CHAPTER SEVEN

Hester spent the next half-hour in a state of nervous suspense, negotiating the social minefield presented by a group of well-bred and curious ladies all intent on extracting as much information as possible about her and speculating upon their host.

She answered all their personal questions with modest reserve, but with as much frankness as possible, correctly judging that not to do so would create an air of mystery and draw unwanted attention. Fortunately Miss Prudhome knew next to nothing about her new employer’s background. Hester told herself that if she could survive the first few weeks then she would cease to be a novelty and would feel much safer.

Apparently satisfied by her explanation that she found London noisy and unhealthy and yearned for a return to the rural life she had enjoyed in Portugal, the ladies moved on to genteel speculation about their host.

‘Why do you think he is here, Miss Lattimer?’ Mrs Piper enquired. ‘You are his nearest neighbour, after all.’

‘Perhaps he is looking for property in the area?’ Hester suggested, snatching at a part-truth.

‘Possibly,’ Mrs Redland agreed. ‘But why not send his agent?’

Eventually they speculated themselves to a standstill and moved on to discuss the arrival in Aylesbury of a modiste reputed to be lately of London.

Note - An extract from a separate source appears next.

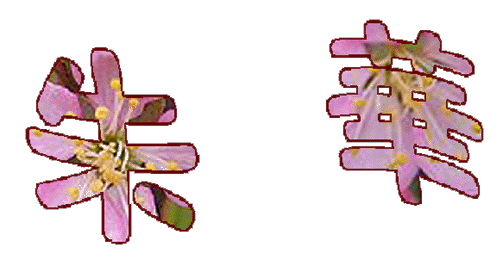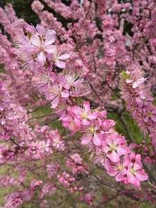 〔日本名〕庭梅という意味.庭園に植え、ウメのような花をっけるからである。小梅はウメに似た低木であるため、ただしシナノウメの一名をコウメともいう。〔漢名〕郁李。1変種にニワザクラ(漢名)多葉郁李がある.葉は細長く、上面にはしわがより、淡紅色あるいは白色の八重咲きの花をつける。 -牧野植物図鑑- |

Hester took her part in the conversation, aware from movement outside that the gentlemen, or some of them, had gone out into the garden.

Why she could not imagine, for it was far too dark to walk around and must be decidedly cold, then she saw the glow of a cigarillo end and guessed that at least one of them was enjoying blowing a cloud before rejoining the ladies.

For a moment she glimpsed a flash of light from one of the Moon House windows; Jethro and Susan must have returned early. Although why they should have needed to go into the dining room…

‘I do beg your pardon, Mrs Bunting. My attention was caught by something outside and I missed what you just said.’

‘Only that I hope the village women I recommended are proving satisfactory, Miss Lattimer.’

‘Indeed, yes,’ Hester agreed warmly. ‘They are making great inroads into the cleaning, which allows my people to concentrate on setting the rooms to rights. I have yet to decide on whether I will employ one of them as a cook.’

‘I do hope you are not troubled by rats and mice, after the house has stood empty for so long,’ Mrs Piper interjected. ‘Horrid things-and the nearest reliable rat catcher is at Tring.’


Stepping into the room with his male guests, Guy caught the last sentence. ‘Is anyone plagued with rats?’ he enquired.

‘Oh, no, my lord,’ Mrs Piper assured him. ‘I was just warning Miss Lattimer that should she be so troubled we do not have a rat catcher in the village.’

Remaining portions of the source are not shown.